THE TASK: With pictures left out, output exactly the lines of the listing below from the line that has "Werku WK401710-Mélangeur Peinture-Mortier." to the line that has "Hip Hop Style", both lines kept.

RECORD SET:
---------------
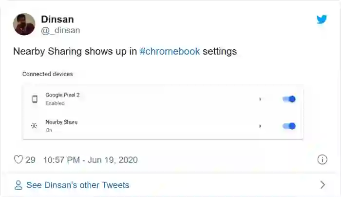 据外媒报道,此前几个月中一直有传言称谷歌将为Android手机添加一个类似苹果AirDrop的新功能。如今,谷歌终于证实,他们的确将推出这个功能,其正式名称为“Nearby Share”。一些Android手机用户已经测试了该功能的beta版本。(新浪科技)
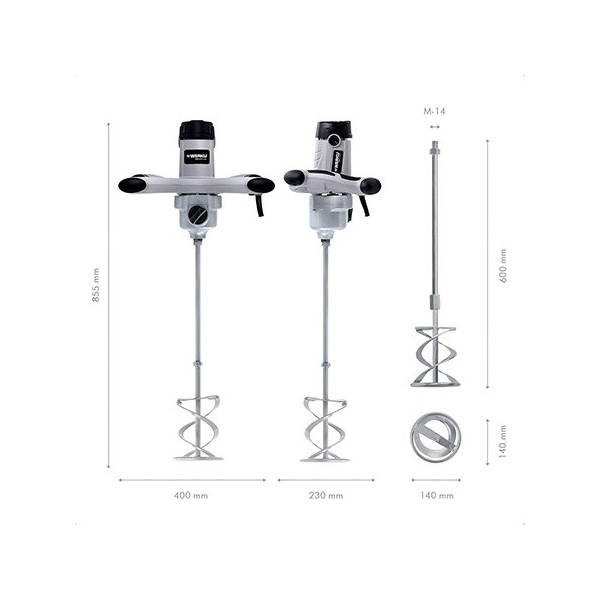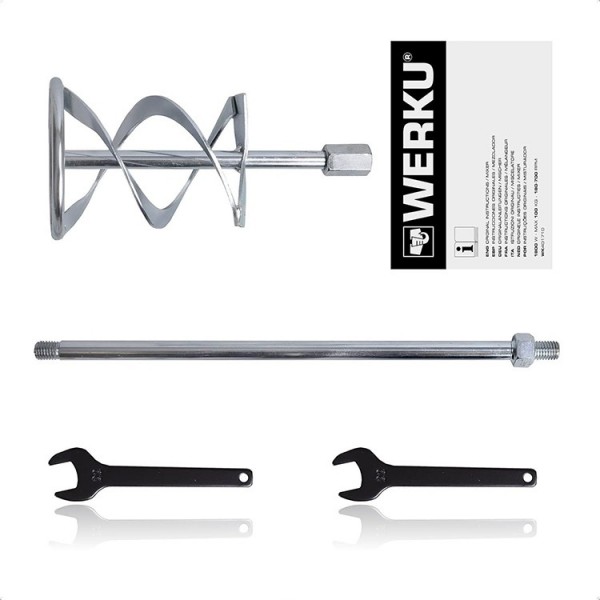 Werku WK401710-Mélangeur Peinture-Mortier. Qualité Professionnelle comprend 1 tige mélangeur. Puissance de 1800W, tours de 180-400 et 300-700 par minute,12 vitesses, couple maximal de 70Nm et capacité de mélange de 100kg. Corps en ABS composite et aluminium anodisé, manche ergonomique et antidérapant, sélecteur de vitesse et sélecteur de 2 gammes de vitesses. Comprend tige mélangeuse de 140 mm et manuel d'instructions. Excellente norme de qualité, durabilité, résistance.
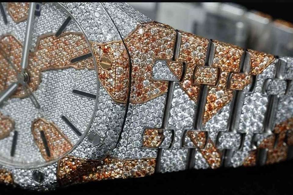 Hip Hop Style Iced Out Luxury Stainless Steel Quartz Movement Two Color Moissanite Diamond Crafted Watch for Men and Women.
---------------
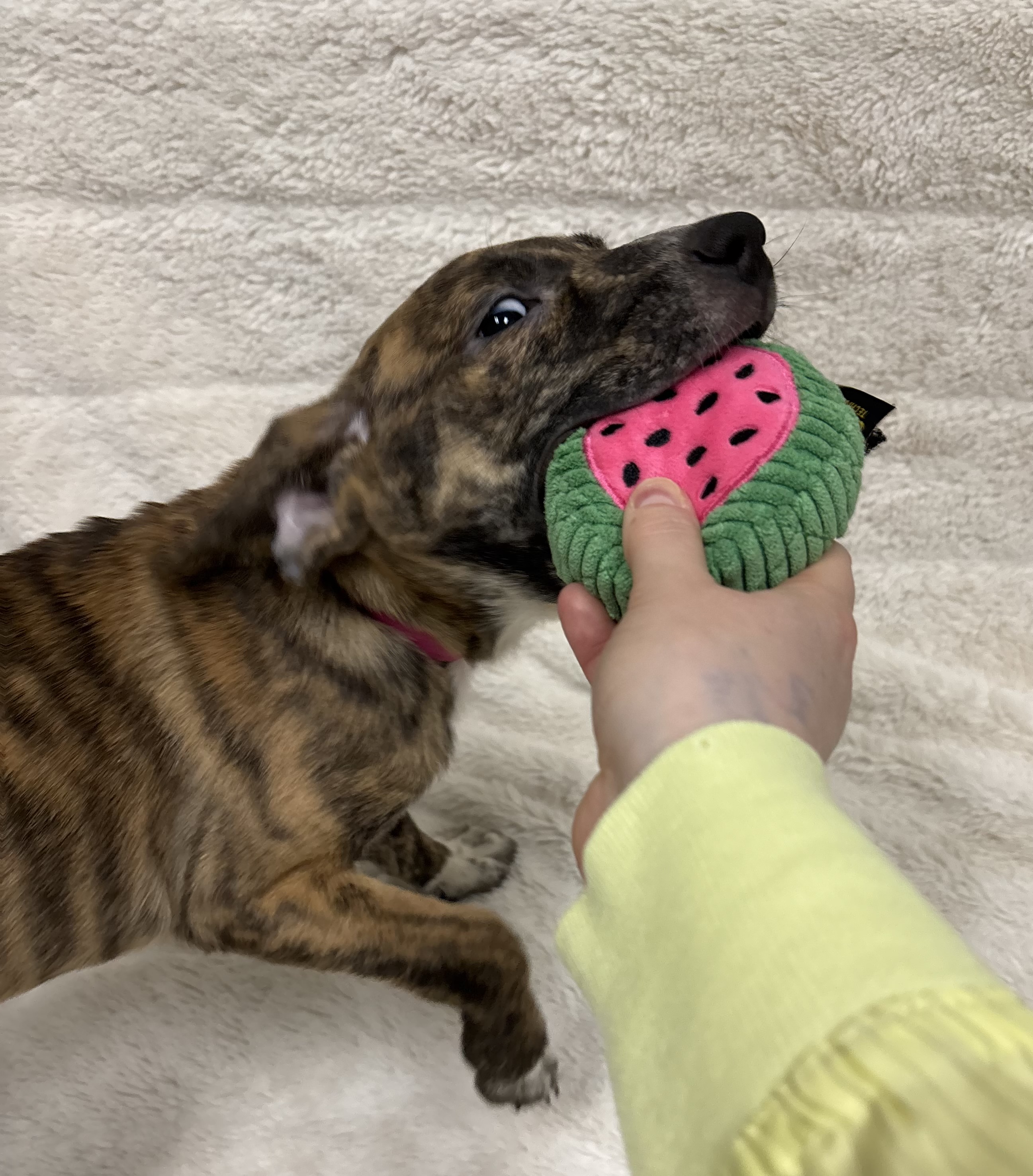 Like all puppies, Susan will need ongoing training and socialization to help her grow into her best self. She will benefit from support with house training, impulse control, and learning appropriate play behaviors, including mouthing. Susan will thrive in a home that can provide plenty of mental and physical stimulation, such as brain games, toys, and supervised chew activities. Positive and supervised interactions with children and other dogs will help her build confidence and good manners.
---------------
COMPLETED EXERCISE:
 Werku WK401710-Mélangeur Peinture-Mortier. Qualité Professionnelle comprend 1 tige mélangeur. Puissance de 1800W, tours de 180-400 et 300-700 par minute,12 vitesses, couple maximal de 70Nm et capacité de mélange de 100kg. Corps en ABS composite et aluminium anodisé, manche ergonomique et antidérapant, sélecteur de vitesse et sélecteur de 2 gammes de vitesses. Comprend tige mélangeuse de 140 mm et manuel d'instructions. Excellente norme de qualité, durabilité, résistance.
 Hip Hop Style Iced Out Luxury Stainless Steel Quartz Movement Two Color Moissanite Diamond Crafted Watch for Men and Women.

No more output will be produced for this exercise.